Настя принесла. Василист посмотрел в дуло, потом на втулетку и понимающе свистнул:
— Во какие у нас дела-то! Не знал я, когда в утробе с тобою лежал, что ты у меня такая, с крепким настоем. Дай-ка я поцелую тебя!
Настя вдруг почувствовала, что у нее совсем не стало ног. Перед глазами закачалось зеленое море и затем все разом исчезло.
12
Настя не поднялась с постели ни в этот день, ни на завтра.
Вечером она в бреду лежала на деревянной родительской кровати. Заболела сыпным тифом.

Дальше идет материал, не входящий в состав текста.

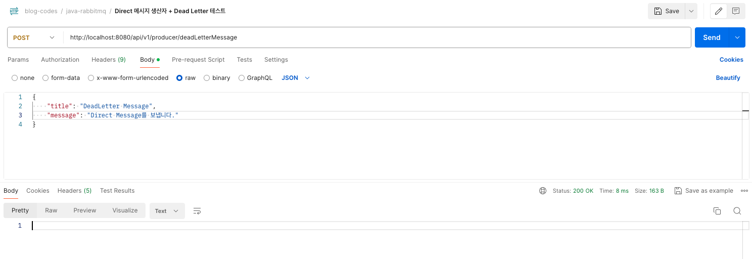 - MessageProperties의 setExpiration 메서드의 값을 지정하여서 메시지의 TTL의 시간을 지정합니다. - 해당 예시에서는 1000(1초)으로 지정하였습니다.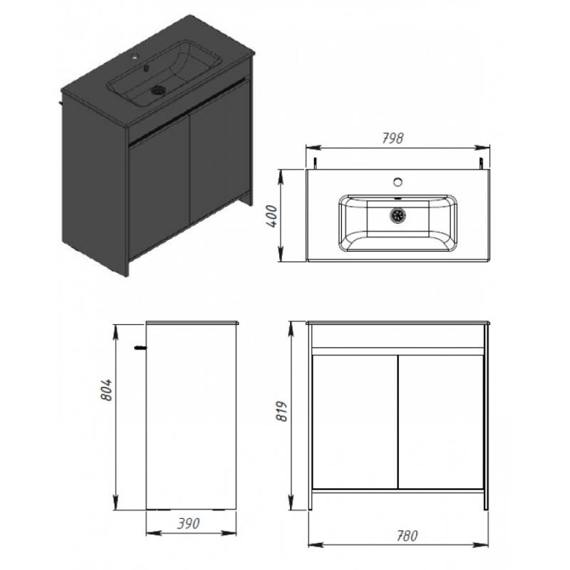2 других мебели для ванной в размере 80 на 82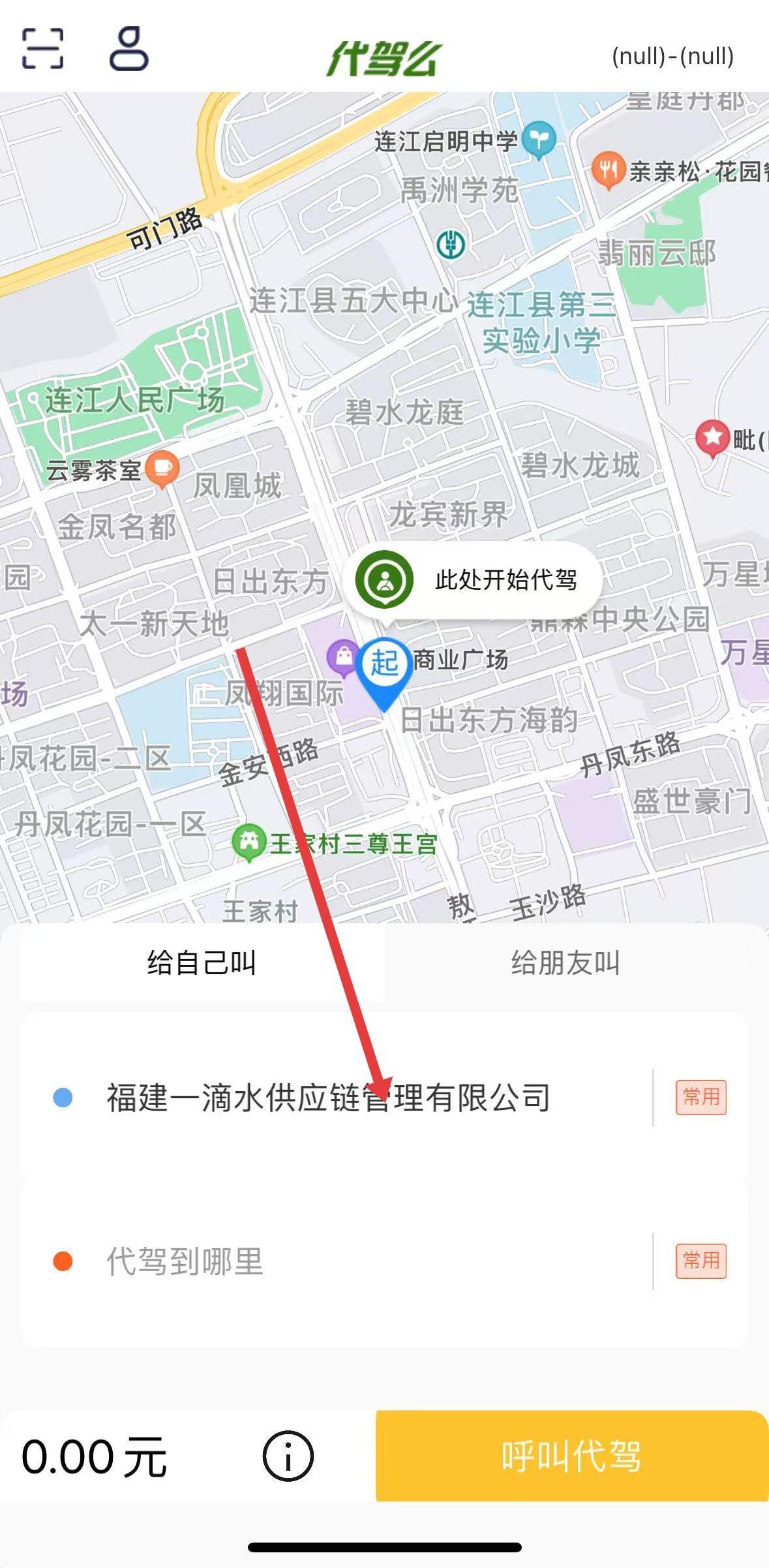 2、代駕界面,地圖上顯示了起始位置,用戶可選擇給自己叫或給朋友叫代駕,輸入目的地后點擊呼叫代駕按鈕。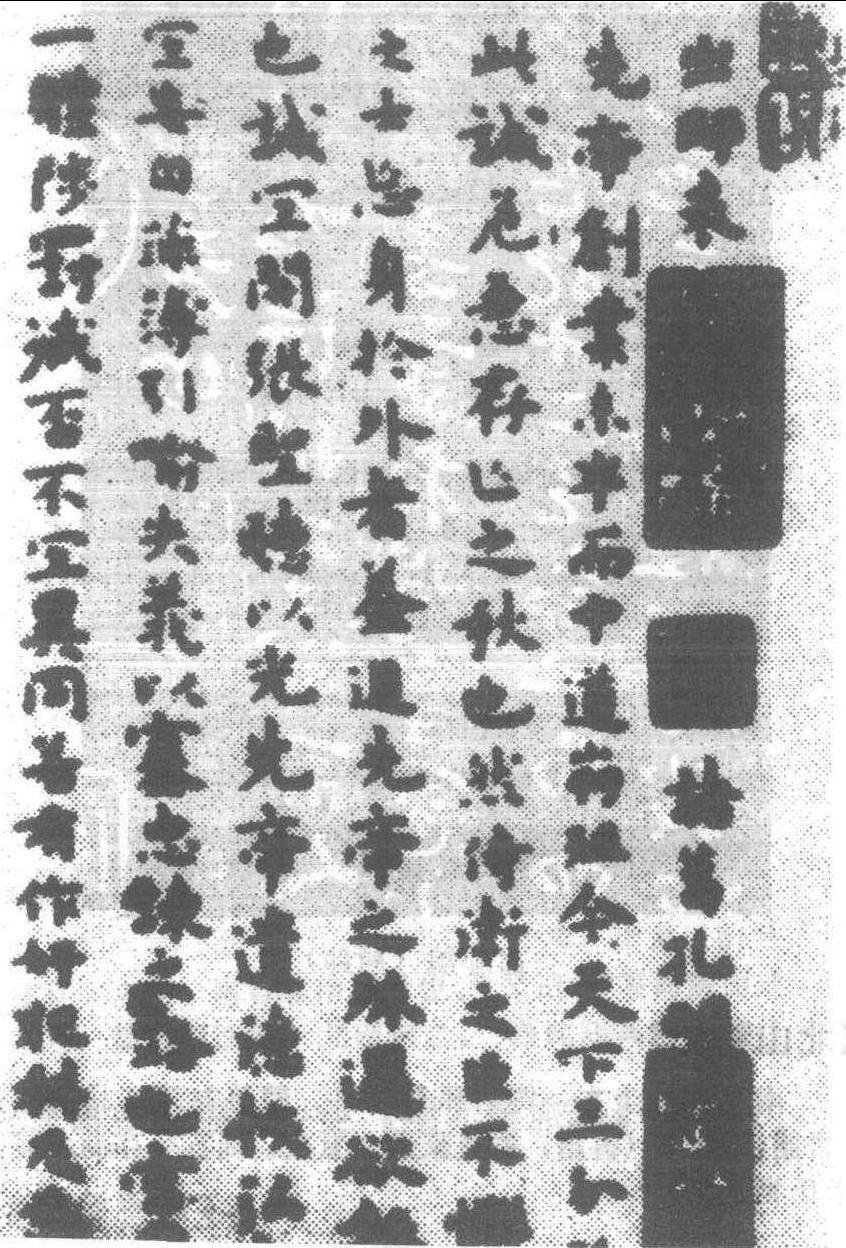 出師表 (局部) 明祝允明所書三國諸葛孔明之前、後兩表。為小楷六十六行,行二十數字之大作。末署:“正德甲戍四月十二日,華中甫過吴訪余,出示趙榮禄所畫 ‘武侯圖’。惜失後 ‘二表’,强余書此,真似煉石補天,恐不免識者之誚也。長洲祝允明識。”藉此知其來由。“甲戌”為明·正德九年(1514),允明時年五十五歲。字體高古,略含隸意,顯學鍾元常 (鍾繇)。為其代表作。早已流入日本,屬高島氏槐安居舊藏,今存東京博物館。 |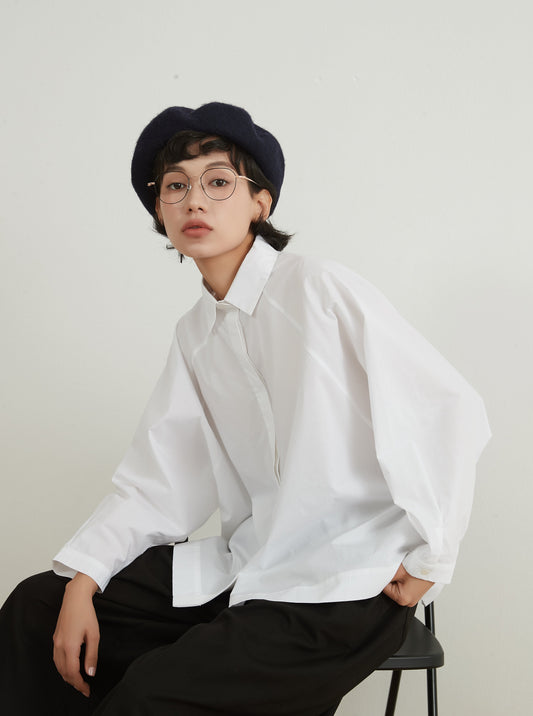 KNNC305・綿100ワイドスリーブ長袖ルーズフィットBOXYシャツ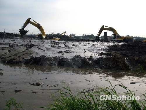 8月21日,位于台湾屏东县佳冬乡的受灾民众活动板房搭建区域加紧整地,当地将搭建起首批一百户大陆捐赠的活动板房。图为挖掘机在施工现场加紧作业中。中新社发 刘舒凌 摄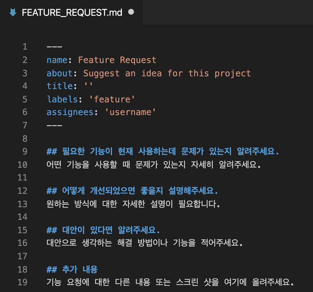 +) .github 폴더에 issue_template.md 생성: Issue 생성시 양식 자동 생성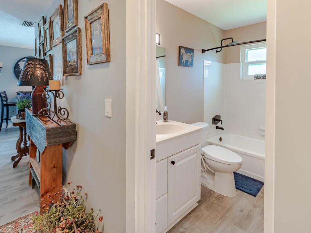 Beautifully updated 2BD/2BA corner unit with IMPACT windows and a stylish impact front door! Move right in and enjoy easy living with new vinyl flooring, modern ceiling fans, and refreshed bathroom fixtures. Relax on your private Florida room/balcony overlooking green space. Includes a spacious personal storage unit and convenient laundry on the same floor. Just a short stroll to the sparkling pool and vibrant 55+ clubhouse! Condo association covers cable, water, sewer, roof, insurance & landscaping. No lease first 2 years. Prime location near Downtown Stuart & the beach!

У казаков эта болезнь известна была под названием пестрой горячки.
Странное было у ней состояние. Мучительно болела голова, нападали невыносимая тоска и печаль на сердце. Тело жило отдельно от сознания. Сознание, казалось, расползалось вокруг, уходило далеко, потом возвращалось обратно, как временный квартирант. Но порой оно работало удивительно ярко.
В первый же день к Насте прямо, без дверей, из угла горницы, вышел, приплясывая, покойный Клементий. На лице его играла странная улыбка. Настя бредила, не сознавая окружающего, а тут вспомнила, что Клементий уже умер, но не испугалась. Она забыла, что она сама его убила. Зачем на нем такая яркая, малиновая рубаха? Казак подскочил к Насте и стал ее жарко обнимать и целовать. Ей это было совсем безразлично. Но вот он сказал: «Ведемка ты моя кудлатая!» — от этих слов Насте вдруг стало чего-то страшно жаль. Захотелось заплакать. В это время в горницу с потолка соскочил, как сайгак, и начал с хохотом кружиться, плясать бышеньку молодой казак, за ним еще один. Это были Вязов и Ноготков. «Они несли гроб», — подумала равнодушно Настя. Казаки играли в чехарду, смеялись весело и громко, но Насте смех казался странным, ненужным, нисколько не заразительным. Она чувствовала себя совсем им посторонней и размышляла: «Вот еще недавно в поселке все были свои, родня. Тепло было. Теперь все чужие. Сторонятся, боятся соседей».